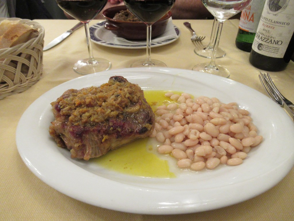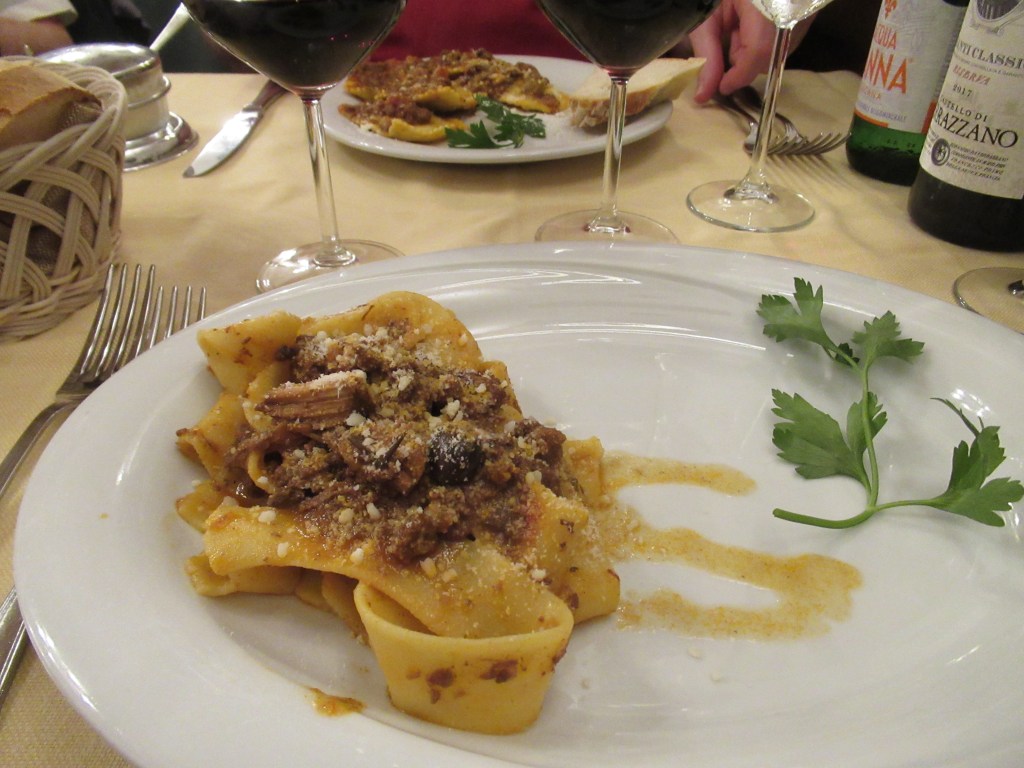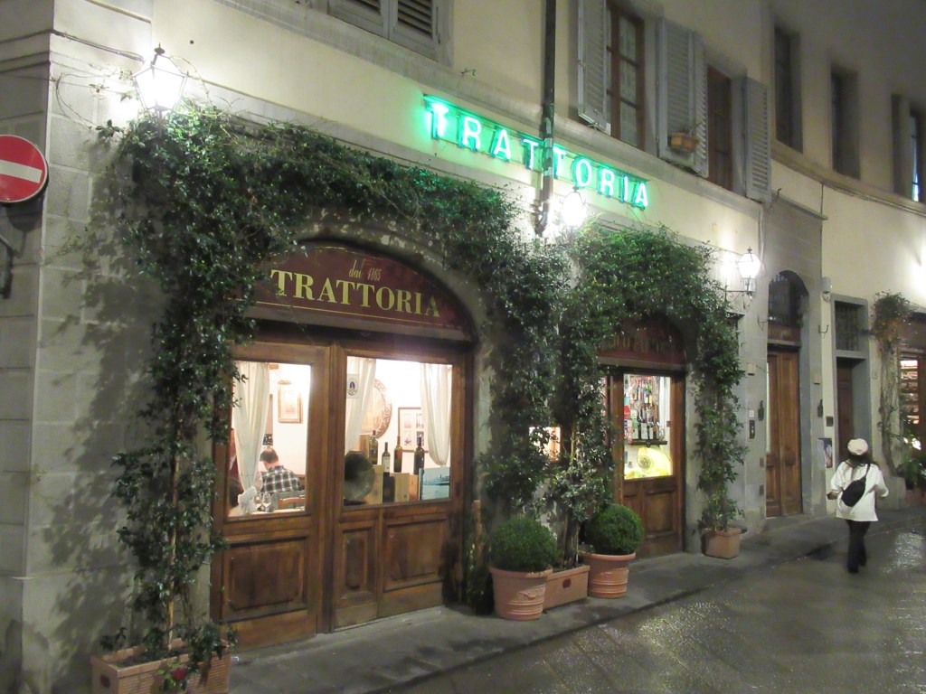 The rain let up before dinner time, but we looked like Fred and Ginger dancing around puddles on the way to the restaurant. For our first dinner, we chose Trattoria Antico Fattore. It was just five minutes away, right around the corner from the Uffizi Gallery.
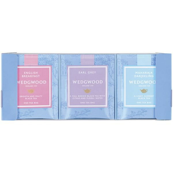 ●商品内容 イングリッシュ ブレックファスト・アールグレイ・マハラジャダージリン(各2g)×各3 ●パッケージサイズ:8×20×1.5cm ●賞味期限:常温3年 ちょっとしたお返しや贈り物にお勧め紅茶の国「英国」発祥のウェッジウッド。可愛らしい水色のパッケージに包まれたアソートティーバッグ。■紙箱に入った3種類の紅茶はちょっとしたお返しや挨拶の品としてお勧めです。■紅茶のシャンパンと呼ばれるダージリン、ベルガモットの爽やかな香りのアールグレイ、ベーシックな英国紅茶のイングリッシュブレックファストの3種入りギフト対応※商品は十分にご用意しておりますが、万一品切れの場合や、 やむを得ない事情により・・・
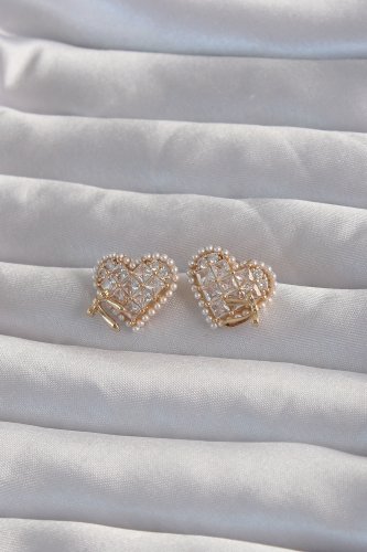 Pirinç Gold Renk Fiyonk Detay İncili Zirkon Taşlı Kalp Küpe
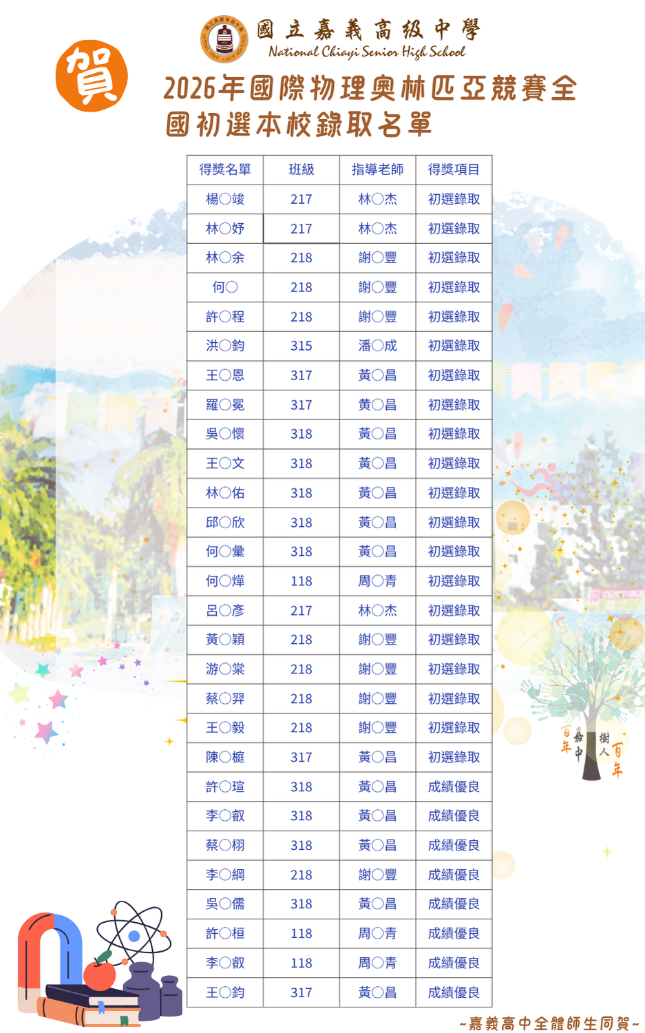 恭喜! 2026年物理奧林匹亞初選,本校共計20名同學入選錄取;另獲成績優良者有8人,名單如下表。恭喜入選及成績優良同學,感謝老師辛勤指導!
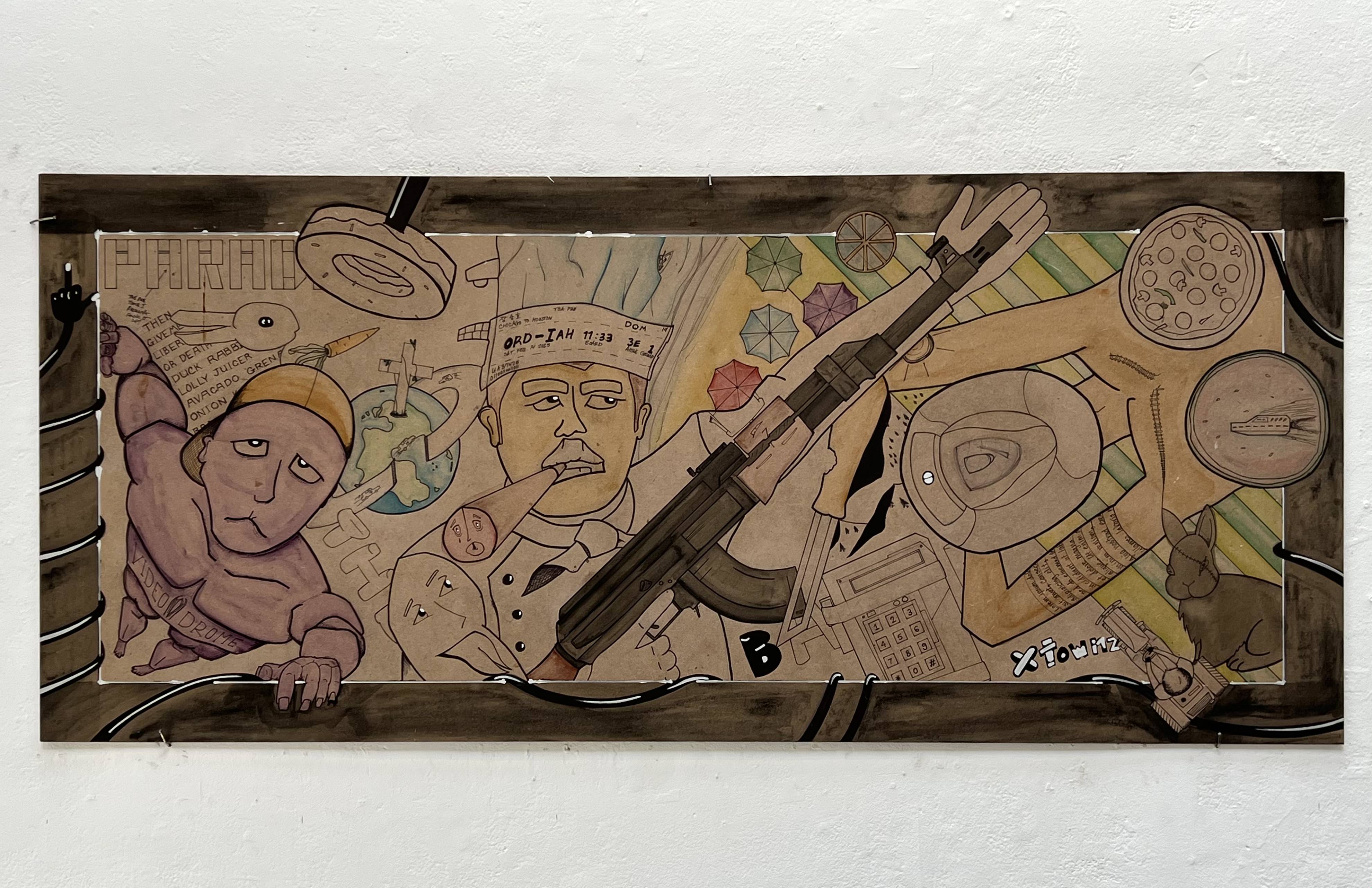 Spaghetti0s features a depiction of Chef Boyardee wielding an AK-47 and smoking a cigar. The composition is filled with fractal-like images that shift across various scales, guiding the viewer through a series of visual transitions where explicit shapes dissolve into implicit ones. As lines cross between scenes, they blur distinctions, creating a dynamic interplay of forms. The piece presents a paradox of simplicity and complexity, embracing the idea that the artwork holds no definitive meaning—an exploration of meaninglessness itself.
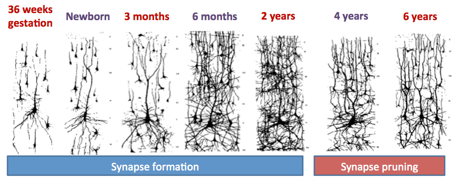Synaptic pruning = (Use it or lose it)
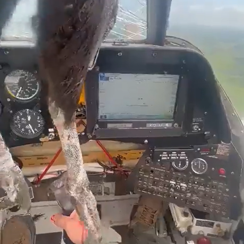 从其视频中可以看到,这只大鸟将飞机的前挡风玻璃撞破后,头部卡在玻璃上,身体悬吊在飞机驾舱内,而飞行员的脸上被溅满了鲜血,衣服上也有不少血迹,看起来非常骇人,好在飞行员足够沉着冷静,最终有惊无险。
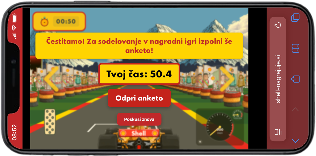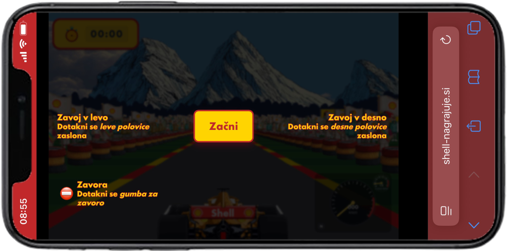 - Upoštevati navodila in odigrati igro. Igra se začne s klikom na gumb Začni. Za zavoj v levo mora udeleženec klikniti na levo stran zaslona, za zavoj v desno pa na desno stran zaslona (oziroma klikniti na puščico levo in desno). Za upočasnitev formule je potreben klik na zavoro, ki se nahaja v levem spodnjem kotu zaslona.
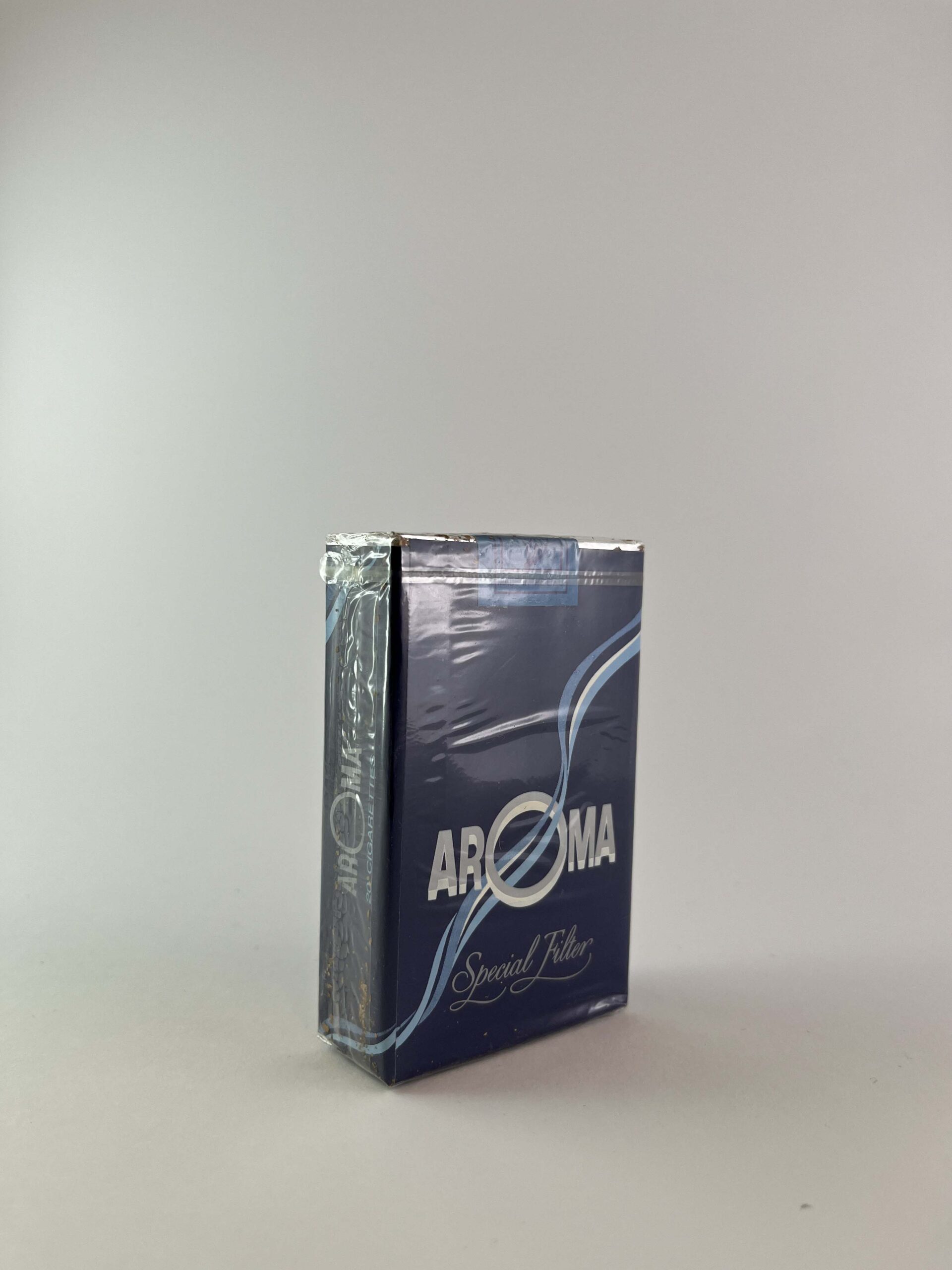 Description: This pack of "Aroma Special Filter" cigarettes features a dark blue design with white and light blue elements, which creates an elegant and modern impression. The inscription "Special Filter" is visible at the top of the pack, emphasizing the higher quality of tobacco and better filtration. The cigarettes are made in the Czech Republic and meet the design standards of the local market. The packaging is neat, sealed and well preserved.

^^^^^^^^^^^^^^^^

## WORK TO BE COMPLETED
Every line above should be copied exactly, apart from any pictures.

## SOLUTION TO THE EXERCISE
 The rain let up before dinner time, but we looked like Fred and Ginger dancing around puddles on the way to the restaurant. For our first dinner, we chose Trattoria Antico Fattore. It was just five minutes away, right around the corner from the Uffizi Gallery.
 ●商品内容 イングリッシュ ブレックファスト・アールグレイ・マハラジャダージリン(各2g)×各3 ●パッケージサイズ:8×20×1.5cm ●賞味期限:常温3年 ちょっとしたお返しや贈り物にお勧め紅茶の国「英国」発祥のウェッジウッド。可愛らしい水色のパッケージに包まれたアソートティーバッグ。■紙箱に入った3種類の紅茶はちょっとしたお返しや挨拶の品としてお勧めです。■紅茶のシャンパンと呼ばれるダージリン、ベルガモットの爽やかな香りのアールグレイ、ベーシックな英国紅茶のイングリッシュブレックファストの3種入りギフト対応※商品は十分にご用意しておりますが、万一品切れの場合や、 やむを得ない事情により・・・
 Pirinç Gold Renk Fiyonk Detay İncili Zirkon Taşlı Kalp Küpe
 恭喜! 2026年物理奧林匹亞初選,本校共計20名同學入選錄取;另獲成績優良者有8人,名單如下表。恭喜入選及成績優良同學,感謝老師辛勤指導!
 Spaghetti0s features a depiction of Chef Boyardee wielding an AK-47 and smoking a cigar. The composition is filled with fractal-like images that shift across various scales, guiding the viewer through a series of visual transitions where explicit shapes dissolve into implicit ones. As lines cross between scenes, they blur distinctions, creating a dynamic interplay of forms. The piece presents a paradox of simplicity and complexity, embracing the idea that the artwork holds no definitive meaning—an exploration of meaninglessness itself.
Synaptic pruning = (Use it or lose it)
 从其视频中可以看到,这只大鸟将飞机的前挡风玻璃撞破后,头部卡在玻璃上,身体悬吊在飞机驾舱内,而飞行员的脸上被溅满了鲜血,衣服上也有不少血迹,看起来非常骇人,好在飞行员足够沉着冷静,最终有惊无险。
 - Upoštevati navodila in odigrati igro. Igra se začne s klikom na gumb Začni. Za zavoj v levo mora udeleženec klikniti na levo stran zaslona, za zavoj v desno pa na desno stran zaslona (oziroma klikniti na puščico levo in desno). Za upočasnitev formule je potreben klik na zavoro, ki se nahaja v levem spodnjem kotu zaslona.
 Description: This pack of "Aroma Special Filter" cigarettes features a dark blue design with white and light blue elements, which creates an elegant and modern impression. The inscription "Special Filter" is visible at the top of the pack, emphasizing the higher quality of tobacco and better filtration. The cigarettes are made in the Czech Republic and meet the design standards of the local market. The packaging is neat, sealed and well preserved.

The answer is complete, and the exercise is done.